Этот упрек Гюндероде слышит не впервые, возражать бесполезно.
— Я знаю свои слабости, они не там, где вы их ищете.
Только не надо рассчитывать, что тебя поймут.
Несгибаемая женщина. Ей даже нет нужды быть властной. Облик ее будит в Клейсте странные воспоминания. В этот миг, когда она с примирительным смехом слегка тронула Брентано за плечо, будто задолжала ему извинение, в этот миг, когда миниатюрные, в золоченых завитушках часы на камине звякнули один раз, тонко и так тихо, что никто, кроме него, их не услышал, — именно в этот миг он вспомнил свою Вильгельмину, шпильки в ее волосах. Как сейчас, он видит себя в ее летней беседке в саду за ценгеновским домом во Франкфурте-на-Одере; заросли жимолости укрыли их от посторонних взглядов, между ними на маленьком белом столике книга, «Луиза» Фосса[160]. Вильгельмина, сама покорность, мягко склонила голову и позволяет ему играть своими волосами, распускать их; он и сейчас ощущает ее волосы на кончиках пальцев; и, как сейчас, снова чувствует — такое не забывается, — что чувствовал тогда: смущение и вину.
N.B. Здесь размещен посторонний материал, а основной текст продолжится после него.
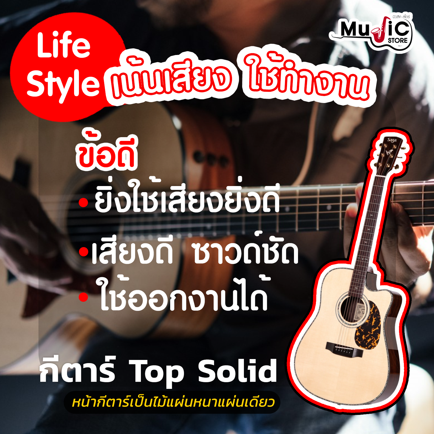 ข้อดี : กีตาร์ Top solid ถือเป็นทางเลือกที่ดีสำหรับคนที่อยากได้กีตาร์เสียงดี ๆ สักตัว มาใช้ในการทำงาน ไม่ว่าจะนำมาใช้อัดเพลง หรือนำไปออกงานต่าง เหมาะกับไลฟ์สไตล์ของคนที่ต้องการกีตาร์ที่เสียงมีคุณภาพ ในราคาที่จับต้องได้ และข้อดีอีกอย่างหนึ่งของตัว Top solid คือจะให้โทนเสียงที่กังวาล จะได้ยินเสียงตัวเนื้อไม้ และตัวโน๊ตจะชัดกว่าตัวลามิเนต ยิ่งใช้เสียงจะยิ่งดีขึ้นครับ
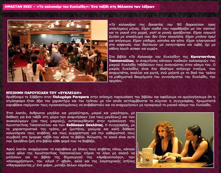 Το ταξίδι εκείνου του απογεύματος ολοκληρώθηκε, αλλά όχι το ταξίδι του Ευκλείδη, ο οποίος σας καλεί να ανακαλύψετε και εσείς τα μαγικά του καλοκαίρια και ποιος ξέρει… τα μαγικά σας καλοκαίρια μπορεί και να βρίσκονται μέσα στις λέξεις που μοιράζεται με τους αναγνώστες η Κωνσταντίνα Τασσοπούλου.
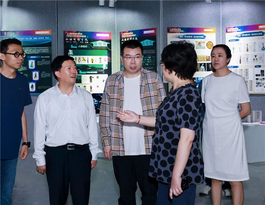 在上海电影学院领导班子成员的陪同下,翁铁慧副部长一行参观SFA剧场、影视摄影与制作区、MFA毕业展区、数字媒体技术互动区、戏剧影视文学作品展览区、动画展放映区等10个专业学科展区及两个摄影棚。
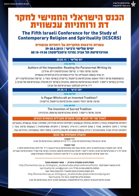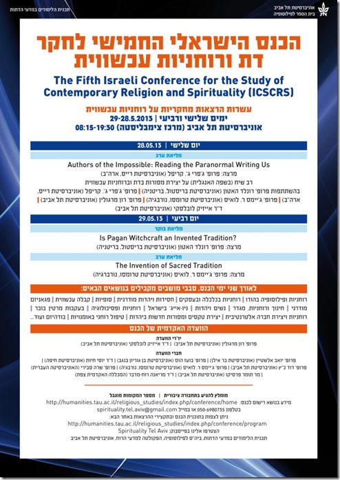 הכנס הישראלי החמישי לחקר הדת והרוחניות העכשווית יתקיים כאמור באוניברסיטת תל-אביב ב-28-29 למאי. כאן התוכנייה. אין צורך בהרשמה מראש. כדאי להגיע.
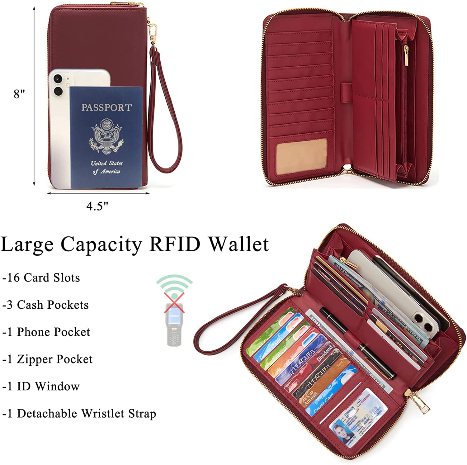 • ❀Wallet clutch--dimension:8.5''x4.5''x1'';RFID Blocking can protect personal information;easily holds 25 pieces of paper money,16 cards, ID card and an 6.7" iPhone and passport, pen, checkbook,etc.
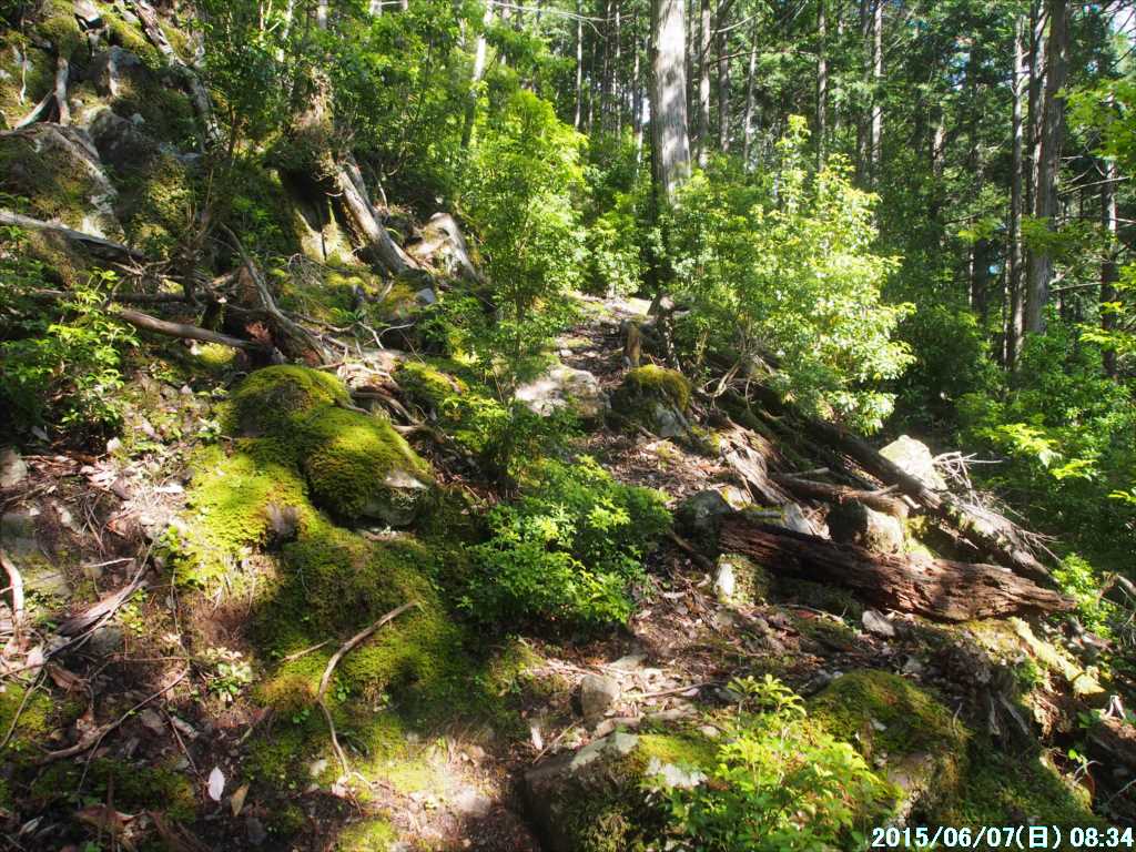 三角点から先は踏み跡もあり激坂はなくなったが、取っ掛かりの激坂登りでのダメージが残っており、通常のペースにはなかなか戻らない。

Теперь его трогает эта картина. Почему же там, когда все было не далекой немой сценой, а настоящим свиданием, почему тогда она оставила его столь постыдно безучастным? Он, влюбленный, которому, видит бог, пристало тогда не созерцать, но действовать, и она, Вильгельмина, бедное дитя, вовсе не бесплотный вымысел живописца, как на том медальоне — медальон, впрочем, он ей вернул, так уж водится, — а близкая, земная, нежная невеста. И легкий тлен разочарования, казалось, разлитый в воздухе…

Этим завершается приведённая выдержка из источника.